*** Dataset entries ***
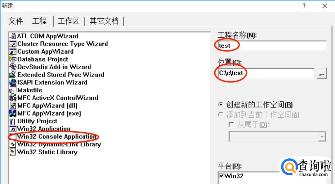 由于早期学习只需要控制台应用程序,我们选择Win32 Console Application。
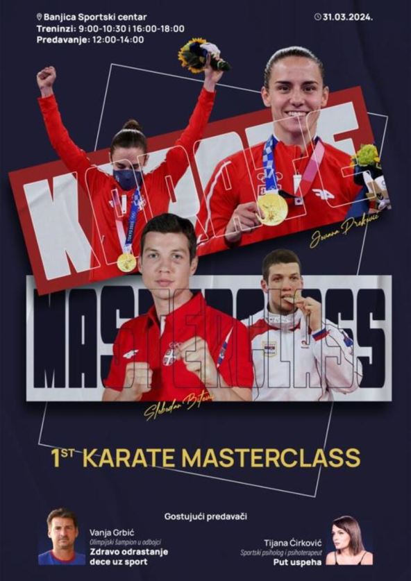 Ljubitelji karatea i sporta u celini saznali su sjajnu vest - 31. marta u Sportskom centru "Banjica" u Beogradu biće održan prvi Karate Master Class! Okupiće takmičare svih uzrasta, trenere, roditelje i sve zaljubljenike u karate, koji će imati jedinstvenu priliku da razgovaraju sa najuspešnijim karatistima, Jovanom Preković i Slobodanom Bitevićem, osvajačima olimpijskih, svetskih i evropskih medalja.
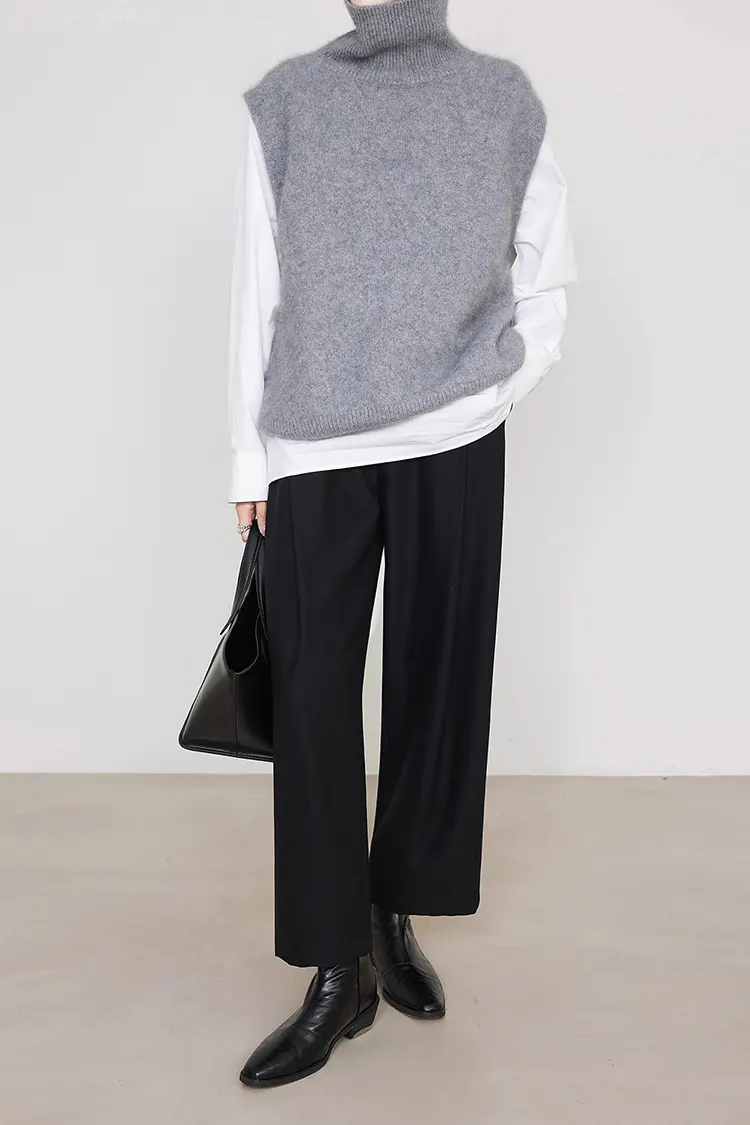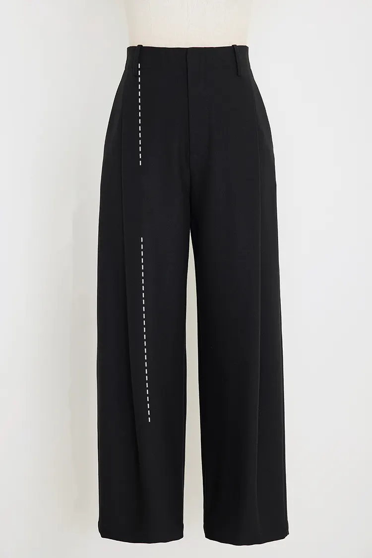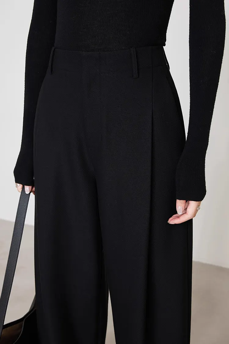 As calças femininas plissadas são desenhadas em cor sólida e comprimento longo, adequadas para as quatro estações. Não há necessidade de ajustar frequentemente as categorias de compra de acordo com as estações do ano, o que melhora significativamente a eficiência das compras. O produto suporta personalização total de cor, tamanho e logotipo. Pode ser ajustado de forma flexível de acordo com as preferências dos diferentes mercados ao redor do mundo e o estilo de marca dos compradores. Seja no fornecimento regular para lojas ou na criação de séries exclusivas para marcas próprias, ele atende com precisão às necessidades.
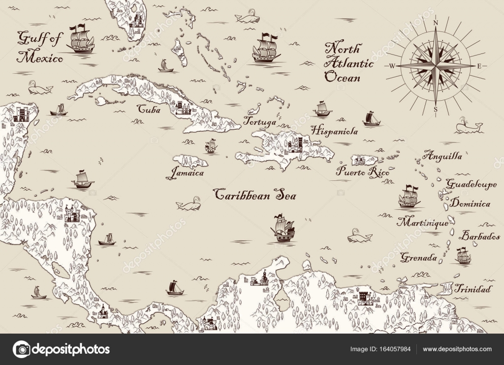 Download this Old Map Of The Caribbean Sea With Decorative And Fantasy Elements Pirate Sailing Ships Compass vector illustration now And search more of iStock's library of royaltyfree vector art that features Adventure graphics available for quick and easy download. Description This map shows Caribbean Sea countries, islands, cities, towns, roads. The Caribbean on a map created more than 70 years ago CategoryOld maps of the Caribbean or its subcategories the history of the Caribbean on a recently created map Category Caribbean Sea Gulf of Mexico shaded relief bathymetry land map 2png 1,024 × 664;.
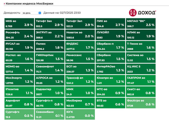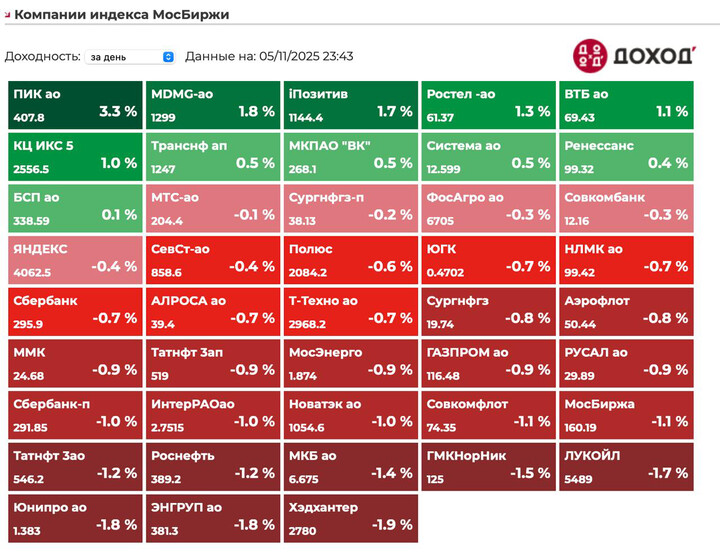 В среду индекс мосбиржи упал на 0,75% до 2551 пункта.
*** End of Dataset entries ***
*** Dataset entries ***
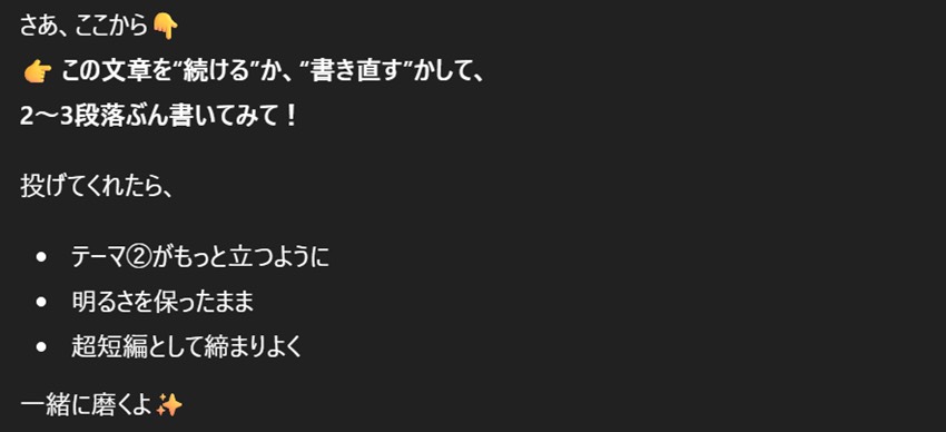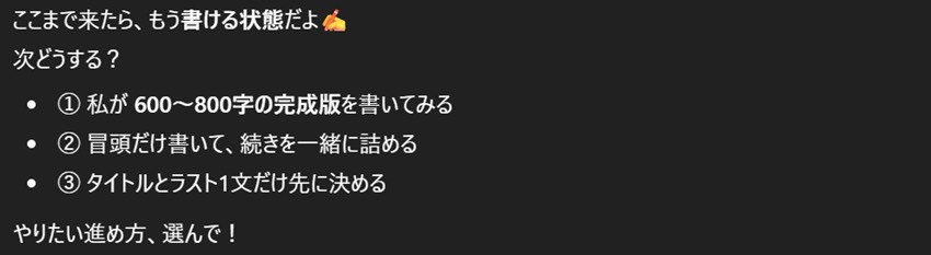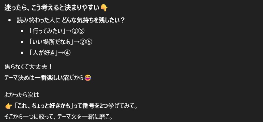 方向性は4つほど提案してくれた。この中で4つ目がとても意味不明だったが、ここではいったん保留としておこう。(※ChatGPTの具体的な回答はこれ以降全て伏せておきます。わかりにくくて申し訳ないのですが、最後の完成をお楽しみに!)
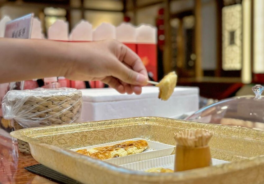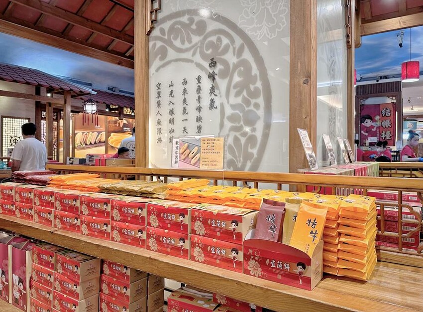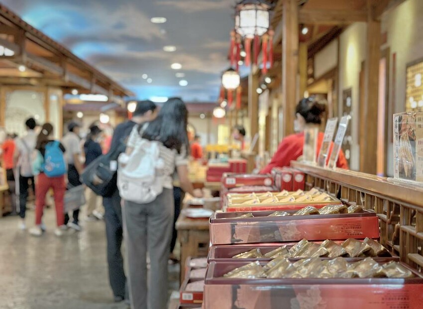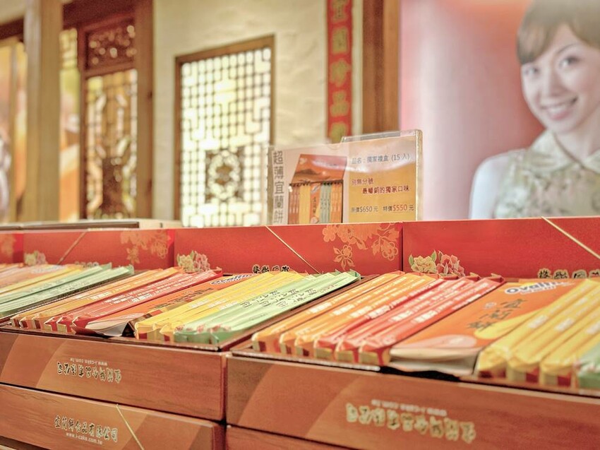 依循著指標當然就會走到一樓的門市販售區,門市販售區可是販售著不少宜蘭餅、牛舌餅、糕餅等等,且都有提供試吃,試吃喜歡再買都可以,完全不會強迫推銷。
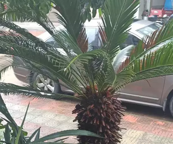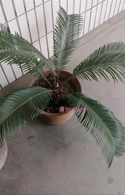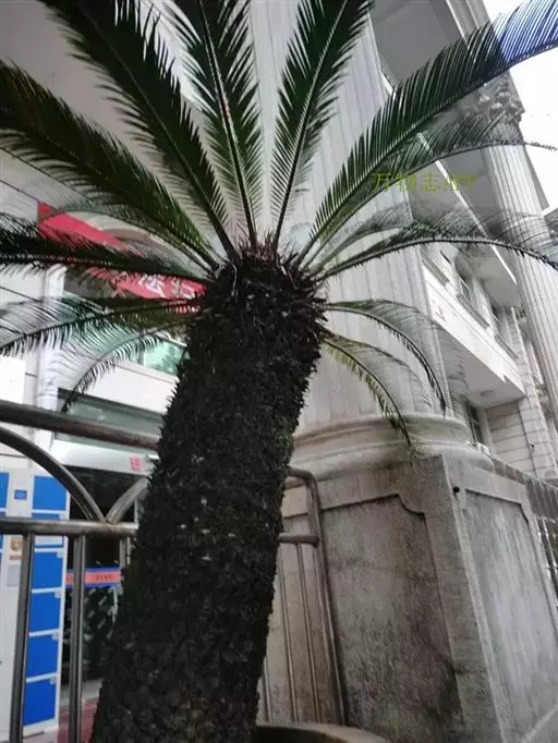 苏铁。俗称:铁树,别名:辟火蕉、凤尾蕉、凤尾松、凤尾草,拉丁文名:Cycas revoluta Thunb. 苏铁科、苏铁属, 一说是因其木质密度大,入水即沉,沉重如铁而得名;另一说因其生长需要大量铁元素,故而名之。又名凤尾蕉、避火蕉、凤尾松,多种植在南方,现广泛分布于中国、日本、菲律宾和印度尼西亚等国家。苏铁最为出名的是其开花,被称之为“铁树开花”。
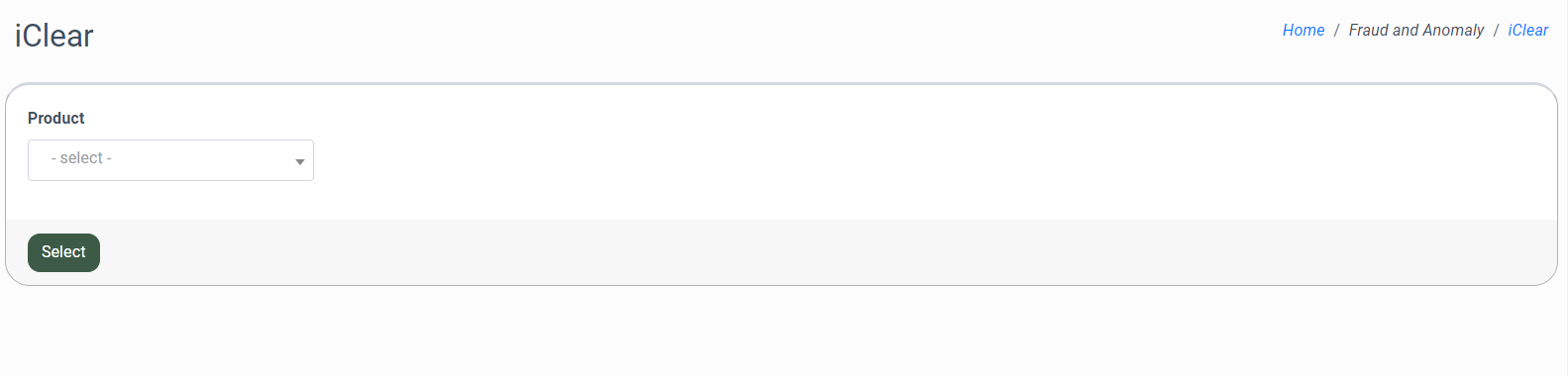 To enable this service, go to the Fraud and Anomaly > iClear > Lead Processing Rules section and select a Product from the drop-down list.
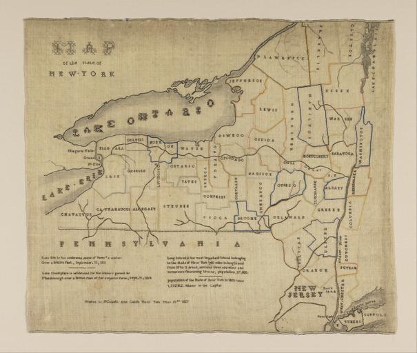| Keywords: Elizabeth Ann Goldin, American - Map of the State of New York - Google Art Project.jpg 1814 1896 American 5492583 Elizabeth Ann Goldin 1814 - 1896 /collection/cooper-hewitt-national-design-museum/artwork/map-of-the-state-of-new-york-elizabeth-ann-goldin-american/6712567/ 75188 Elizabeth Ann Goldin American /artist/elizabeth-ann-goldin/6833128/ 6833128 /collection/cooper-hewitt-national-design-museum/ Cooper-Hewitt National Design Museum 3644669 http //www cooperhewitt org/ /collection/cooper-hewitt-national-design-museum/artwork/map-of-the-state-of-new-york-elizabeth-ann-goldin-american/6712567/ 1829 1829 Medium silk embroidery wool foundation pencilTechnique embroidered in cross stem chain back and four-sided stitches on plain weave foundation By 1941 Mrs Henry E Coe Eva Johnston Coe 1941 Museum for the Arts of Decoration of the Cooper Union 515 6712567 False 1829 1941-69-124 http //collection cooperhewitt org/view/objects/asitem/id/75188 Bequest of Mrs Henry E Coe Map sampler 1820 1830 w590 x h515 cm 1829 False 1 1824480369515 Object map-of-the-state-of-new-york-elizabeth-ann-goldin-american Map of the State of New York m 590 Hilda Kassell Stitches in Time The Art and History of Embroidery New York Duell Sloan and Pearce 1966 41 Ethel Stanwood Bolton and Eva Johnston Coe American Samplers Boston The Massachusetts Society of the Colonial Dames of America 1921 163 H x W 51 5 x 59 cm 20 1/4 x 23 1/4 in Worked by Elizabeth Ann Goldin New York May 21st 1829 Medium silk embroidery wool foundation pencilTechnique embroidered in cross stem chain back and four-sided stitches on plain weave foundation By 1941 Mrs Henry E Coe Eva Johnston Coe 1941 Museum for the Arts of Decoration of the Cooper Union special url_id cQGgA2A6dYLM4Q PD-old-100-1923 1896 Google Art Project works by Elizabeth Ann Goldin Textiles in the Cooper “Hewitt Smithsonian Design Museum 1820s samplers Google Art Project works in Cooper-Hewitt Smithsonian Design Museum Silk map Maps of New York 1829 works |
*** End of Dataset entries ***
=== Your instructions ===
Copy the entries above exactly, but only the stretch from the line containing "Ljubitelji karatea i" through the line containing "As calças femininas". Keep both end lines; drop the pictures.

=== Task response ===
 Ljubitelji karatea i sporta u celini saznali su sjajnu vest - 31. marta u Sportskom centru "Banjica" u Beogradu biće održan prvi Karate Master Class! Okupiće takmičare svih uzrasta, trenere, roditelje i sve zaljubljenike u karate, koji će imati jedinstvenu priliku da razgovaraju sa najuspešnijim karatistima, Jovanom Preković i Slobodanom Bitevićem, osvajačima olimpijskih, svetskih i evropskih medalja.
 As calças femininas plissadas são desenhadas em cor sólida e comprimento longo, adequadas para as quatro estações. Não há necessidade de ajustar frequentemente as categorias de compra de acordo com as estações do ano, o que melhora significativamente a eficiência das compras. O produto suporta personalização total de cor, tamanho e logotipo. Pode ser ajustado de forma flexível de acordo com as preferências dos diferentes mercados ao redor do mundo e o estilo de marca dos compradores. Seja no fornecimento regular para lojas ou na criação de séries exclusivas para marcas próprias, ele atende com precisão às necessidades.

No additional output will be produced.